In Talbot’s world, these sites simply don’t count because the total budget for each site is probably less than Talbot’s six figure salary.

‘Today the hammer comes down’

We’re moving out of our house in early August and into a slightly nicer house (smaller, but better maintained) about 5 or 6 blocks away from where we live now. One of the main reasons for moving is to get away from our neighbors. Among the biggest troublemakers are the college students who live in a small apartment complex behind us.

It is bad enough that they begin partying on Wednesday’s, but lately they’ve been setting off firecrackers as well. We usually call the police, but noise violations are hardly high on their priority list.

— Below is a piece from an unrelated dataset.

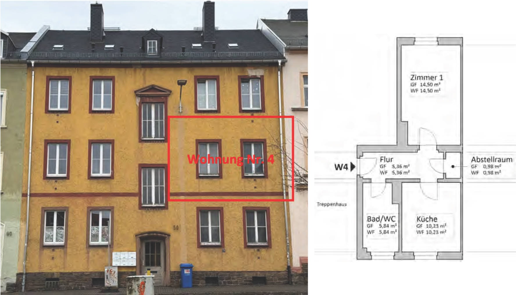 7 Tage kostenlos Testen1-Raum-Wohnung im 1. OG eines 3-geschoss. Mehrfamilienhauses mit insgesamt 6 WE; Wohnfläche: ca. 36,91 m²; Baujahr: 1956; modernisierungsbedürftig; bei Begutachtung nicht vermietet

Today I called the manager of the apartment complex to complain. He was extremely receptive to my tale of woe, especially how described observing drunken college students lighting fireworks on their wooden balcony. He told me that he’d take care of it, saying that he’d given them warnings about the fireworks, but “today, the hammer comes down.”

Excellent.

Atheros Communications

I’d never heard of Atheros Communications until running across a brief but intriguing mention in the July issue of Wired.

Atheros has apparently beaten everyone to market with the first 802.11a chip, which will go into mass production sometime this summer. Whereas 802.11b operates on the 2 ghz range, 802.11a is designed for the 5ghz range (which like 900mhz and 2 ghz doesn’t require a license) and achieves potential throughputs of up to 72Mbps, although the current IEEE standards limit the maximum potential throughput to “just” 54Mbps.

Atheros has a press release explaining the technology. Given how long it took 802.11b to begin showing up at the consumer level in volume, this will probably take 3 to 5 years to become affordable for casual users, but is nice to see where these things are headed.

There are already 802.11b cards showing up that add proprietary features to speed things like streaming DVD video over a wireless LAN. Imagine what could be done with five times that bandwidth.

South Africa Cholera Outbreak Kills More than 200

An outbreak of cholera that began 10 months ago in South Africa has so far killed more than 200 people and infected more than 100,000.

The outbreak occurred in the eastern part of South Africa among a rural population that relies on rivers and streams for their water, since tap water and toilet facilities are nonexistent from decades of neglect by the former apartheid government.

Source:

Death toll from cholera outbreak in South Africa tops 200. Agence France-Presse, June 4, 2001.